→ **Activity**:
Quote only the span from the first line of the entries to the line containing "The US has reduced", both ends kept. Leave every picture out.

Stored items

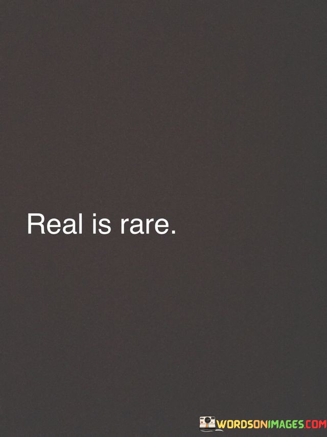 Authenticity stands out in a world often masked by pretense. "Real is rare" highlights that genuine people and sincere moments are precious gems amid the superficiality of society. It's like finding a diamond in a sea of rhinestones.
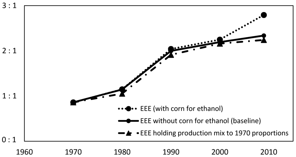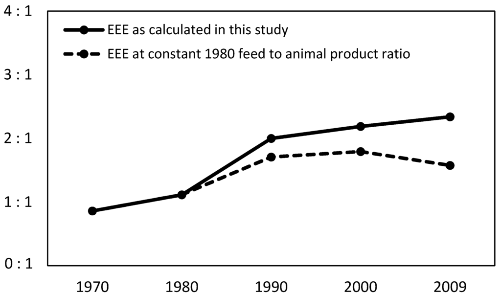 The US has reduced the amount of grain fed directly to livestock since 1980, while increasing output. This has been a force contributing to a higher EEE for the US. It appears that this is mainly because farmers have been able to substitute byproducts from the food industry and ethanol production for grain. We performed a sensitivity analysis to determine the additional grain needed to feed livestock if the feed to meat product ratio from 1980 were held constant through 2010. Doing so reduces EEE over the past three decades, especially after 2000 (
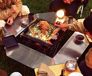 Set up an impromptu dining room virtually anywhere using the barbecue dining table. This sturdy table sets up around the specialized grill set – sold separately – to provide you and your friends with a sturdy surface you can use to eat or prepare meals on.
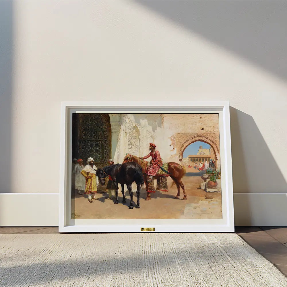 This serene painting showcases a courtyard with marble arches and people engaged in quiet activities. The soft interplay of light and shadow creates a peaceful atmosphere, emphasizing the beauty of traditional architecture. The work resonates with cultural tranquility and timeless elegance.
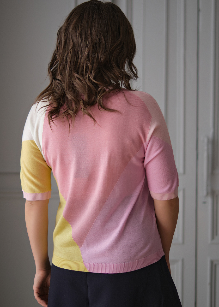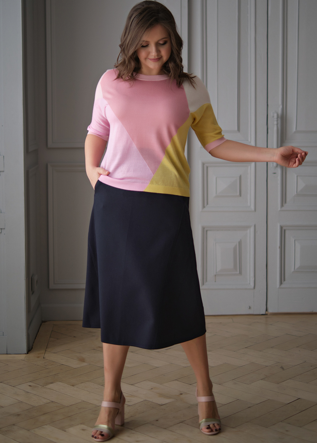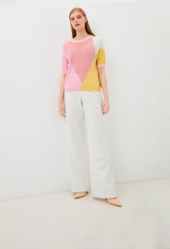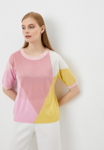 На сайте указаны Российские размеры. Ткань: смесовая ткань средней плотности. В составе: 23% шерсть, 32% тенсел, 45% акрил. Крой: слегка приталенный джемпер с коротким рукавом и круглым вырезом в стиле color blocking. Несмотря на то, что яркая геометрия принта приковывает сотни взглядов, она способна скрыть нюансы фигуры, о которых необязательно знать всем. Короткий комфортный рукав в спортивном стиле – выбор активных женщин, успевающих сделать 100 дел на дню. Отделка: оттенки ягодного зефира и лимонного пудинга не оставляют равнодушных. Рукава, низ и горловина отделаны резинкой, которая не давит, но обеспечивает деликатное прилегание к телу. Создайте нежный образ со свободными светлыми брюками или юбкой из коллекции Stern.

→ **Solved exercise**:
 Authenticity stands out in a world often masked by pretense. "Real is rare" highlights that genuine people and sincere moments are precious gems amid the superficiality of society. It's like finding a diamond in a sea of rhinestones.
 The US has reduced the amount of grain fed directly to livestock since 1980, while increasing output. This has been a force contributing to a higher EEE for the US. It appears that this is mainly because farmers have been able to substitute byproducts from the food industry and ethanol production for grain. We performed a sensitivity analysis to determine the additional grain needed to feed livestock if the feed to meat product ratio from 1980 were held constant through 2010. Doing so reduces EEE over the past three decades, especially after 2000 (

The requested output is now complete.